-- Data shown --

········

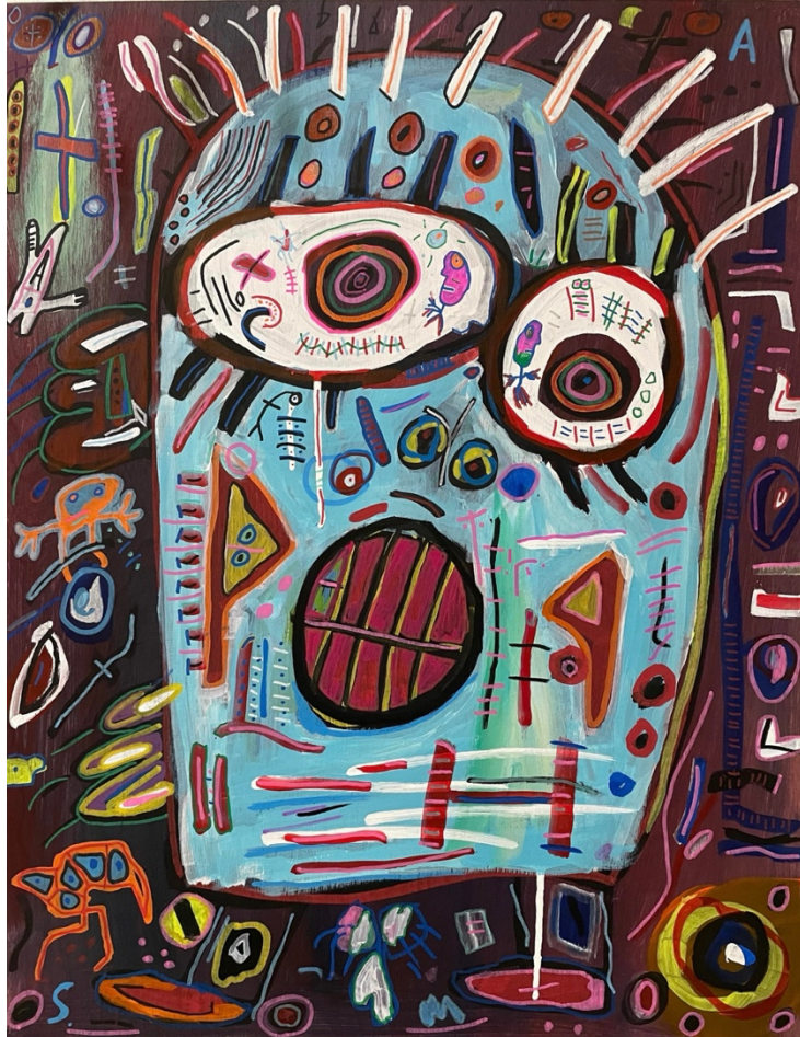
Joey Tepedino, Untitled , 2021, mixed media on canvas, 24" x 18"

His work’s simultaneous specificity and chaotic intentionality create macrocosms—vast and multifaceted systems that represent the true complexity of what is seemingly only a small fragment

········

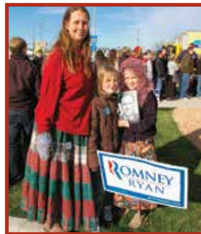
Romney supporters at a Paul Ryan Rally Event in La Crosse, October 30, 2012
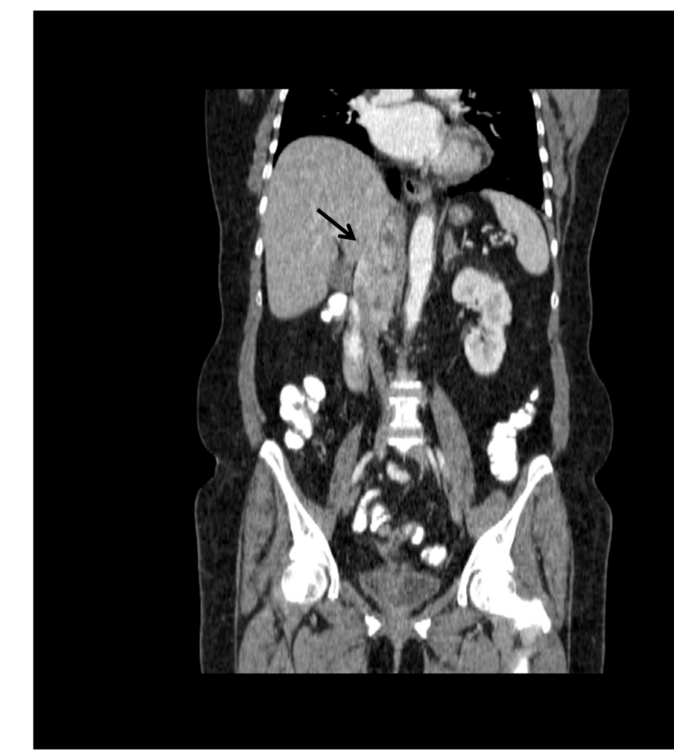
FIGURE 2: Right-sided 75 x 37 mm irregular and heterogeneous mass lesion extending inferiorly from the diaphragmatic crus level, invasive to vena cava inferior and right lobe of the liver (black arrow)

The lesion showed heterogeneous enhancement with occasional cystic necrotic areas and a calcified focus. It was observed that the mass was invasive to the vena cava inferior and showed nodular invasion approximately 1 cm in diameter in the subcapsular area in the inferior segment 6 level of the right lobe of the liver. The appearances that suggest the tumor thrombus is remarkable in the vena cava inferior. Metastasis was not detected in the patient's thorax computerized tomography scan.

········

Leaving each picture behind, please give again exactly the lines above from the one with "Romney supporters at" through the one with "FIGURE 2: Right-sided", both included, and no others.

-- Written answer --
Romney supporters at a Paul Ryan Rally Event in La Crosse, October 30, 2012
FIGURE 2: Right-sided 75 x 37 mm irregular and heterogeneous mass lesion extending inferiorly from the diaphragmatic crus level, invasive to vena cava inferior and right lobe of the liver (black arrow)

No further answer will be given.